If XHB can regain the $110 level, perhaps it can make a push back toward the recent highs. On the downside, a break of the $103 area could usher in more weakness.
Options
Buying calls or call spreads may be one way to take advantage of a bounce. For those that aren’t feeling so bullish or who are looking for a deeper pullback, puts or put spreads could be one way to take advantage.
In either scenario, it may be advantageous to make sure they have adequate time until the option’s expiration. Remember, option buyers limit their risk to the price paid for the option.
To learn more about options, consider visiting the eToro Academy.
What Wall Street is watching
SHOP — Shares of Shopify are ripping higher this morning after the company beat on earnings and revenue expectations for Q2. Sales climbed 21.3% year over year, while Gross Merchandise Volume (GMV) increased 22% to $67.2 billion.
DIS — Disney stock is basically flat this morning despite solid quarterly results.
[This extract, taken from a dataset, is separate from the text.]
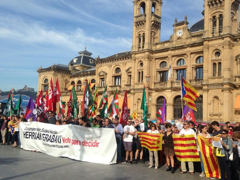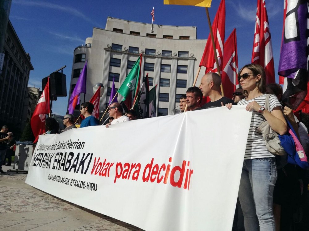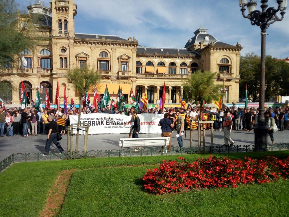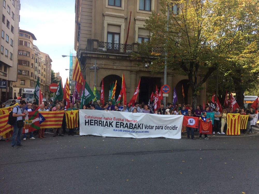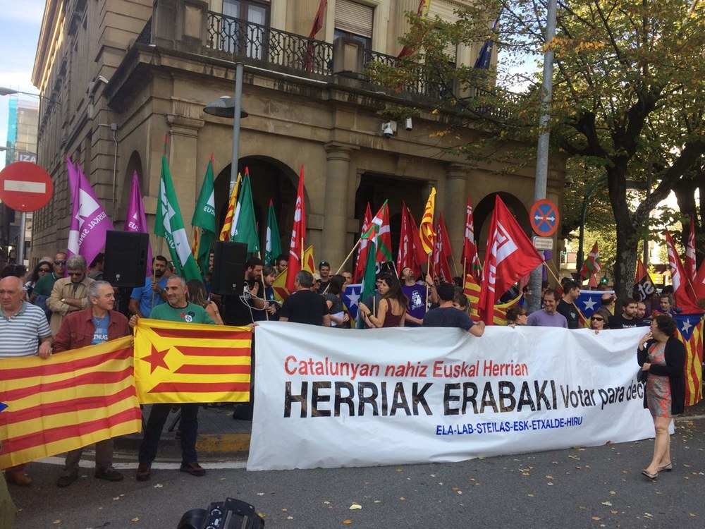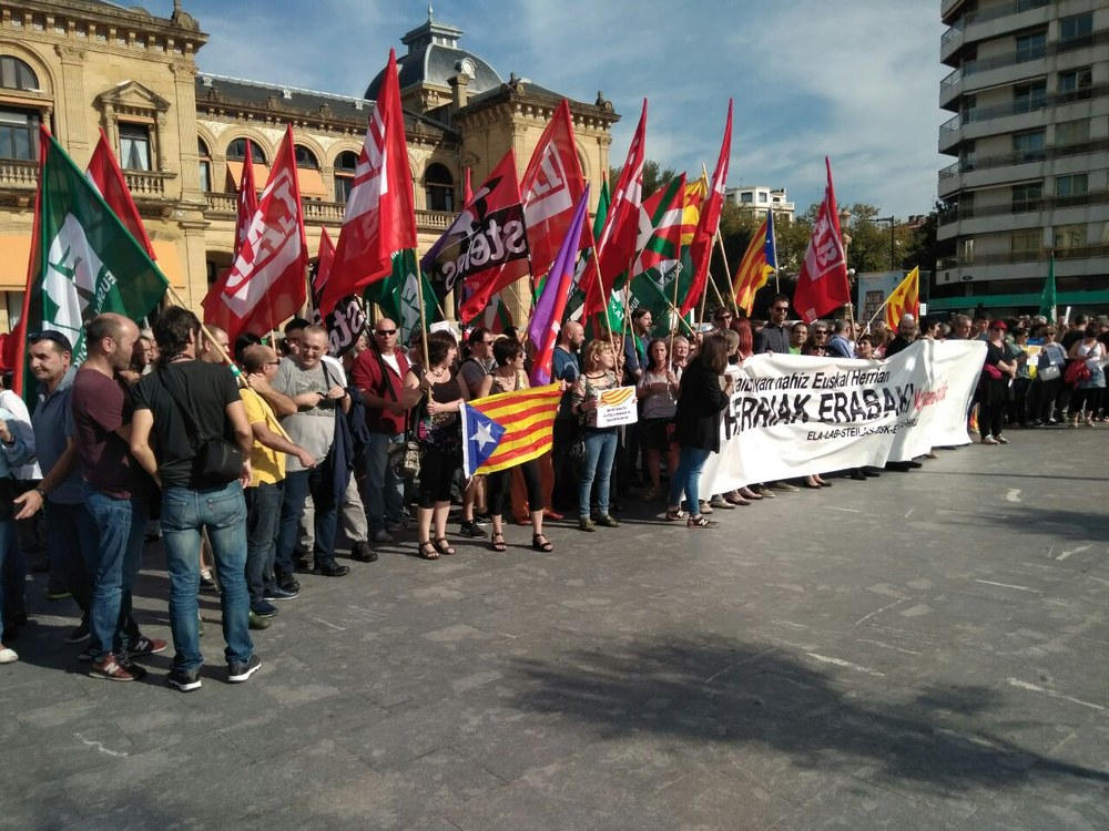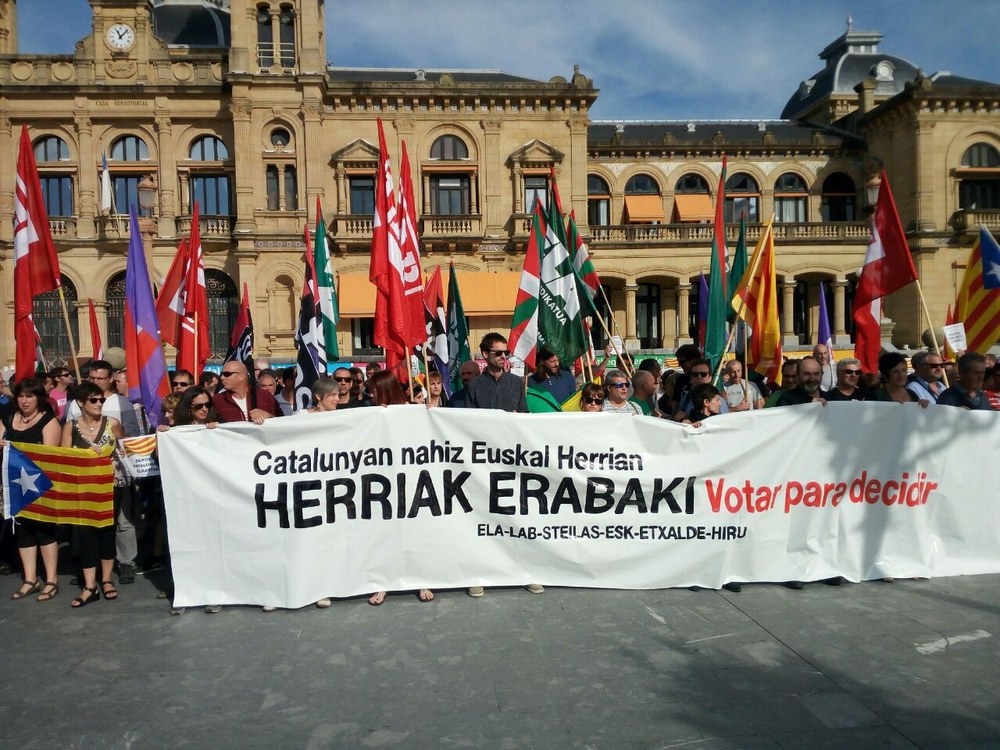 Kataluniako erreferendumari babesa erakusteko, gehiengo sindikalak deituta Hego Euskal Herriko hiriburuetan bilkurak egin dira.

Earnings of $1.39 a share easily topped expectations for $1.19 per share, while revenue of $23.16 billion grew 3.7% year over year and topped estimates by $70 million. CEO Bob Iger noted that the company “achieved profitability across our combined streaming businesses for the first time and a quarter ahead of our previous guidance.”
BTC — Bitcoin rebounded on Tuesday, climbing 3.7% and closing back above $56,000. Given that it dipped below $50,000 at one point this week, BTC was able to close more than 12% above its recent low and is attempting to rebound even further today, up 2% at the time of this writing.
Disclaimer:
Please note that due to market volatility, some of the prices may have already been reached and scenarios played out.